Baicalein has anti-inflammatory activity and antioxidant property. Since NF-κB, and AP-1 are important transcriptional processes, which regulate inflammation. Huang et al., 2008, represented that baicalein and its analogs (A ring 6th position modified) had strong effect on NF-κB with or without TNF-α and in the presence of TNF-α, maximum effect on NF-κB was observed and maybe the target site is located downstream of the TNF-α receptor. Moreover, they showed that analogs of the baicalein had not effect on the AP-1-mediated transcription and therefore, AP-1-mediated transcription is not be responsible for the anti-inflammatory activity of baicalein analogs (Huang et al., 2008). Baicalin and baicalein were used to treat inflammation of the respiratory tract with inhibition of the expression of pro-inflammatory mediators including COX-2, IL-1β, IL-6, iNOS, TNF-α, and PGE2 by downregulating NF-κB and the MAP kinase signaling pathway. Also, they have anti-allergic effect that can suppress histamine-induced allergy and anaphylaxis. Moreover, recently it was reported that baicalin and similar isomer of it, baicalein reduce the BBB permeability by increasing the claudin-5 and ZO-1 thigh Junction proteins expression in brain endothelial (Shin and Bae, 2013, Ardah et al., 2020). In this study, inflammation could be controlled by baicalein nanoparticles and E-B-NP had strongly effect in reduction of inflammation than L-B-NP. The two produced nanoparticles had no significant effect on goblet cell hyperplasia but, L-B-NP could reduce mucus secretion in the airway. The two produced nanoparticles enhanced IL-12 and strongly decreased IL-5 level. The E-B-NP and L-B-NP could reduce IL-5 level and therefore, they could control eosinophilic inflammation. Because, E-B-NP reduced IL-5 more than L-B-NP, so, E-B-NP controlled inflammation more than L-B-NP.

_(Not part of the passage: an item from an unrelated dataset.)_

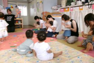 9月19日(金)に道後保育園の支援センタールームで、園の専任英語講師の土居真由美先生による育児講座を開催しました💐先生と朝のご挨拶(^_-)-☆

L-B-NP and E-B-NP can control asthma pathophysiology. L-B-NP can control AHR and early phase of immune-allergic response and E-B-NP can control inflammation and late phase of immune-inflammatory response in airways. It may better effect when L-B-NP and E-B-NP would be used together, that was not done in this study and may be effective asthma treatment in control of breathlessness and inflammation.

In this study, there were some limitations. There are other allergic related factors (such as IgE) and cytokines (such as IL-13, IL-33) that may have effect in asthma pathophysiology and were not studied that should be noted in further researches. We did not measure the other allergic related immunoglobulins. Also, using of baicalein with other nanoparticles is recommended.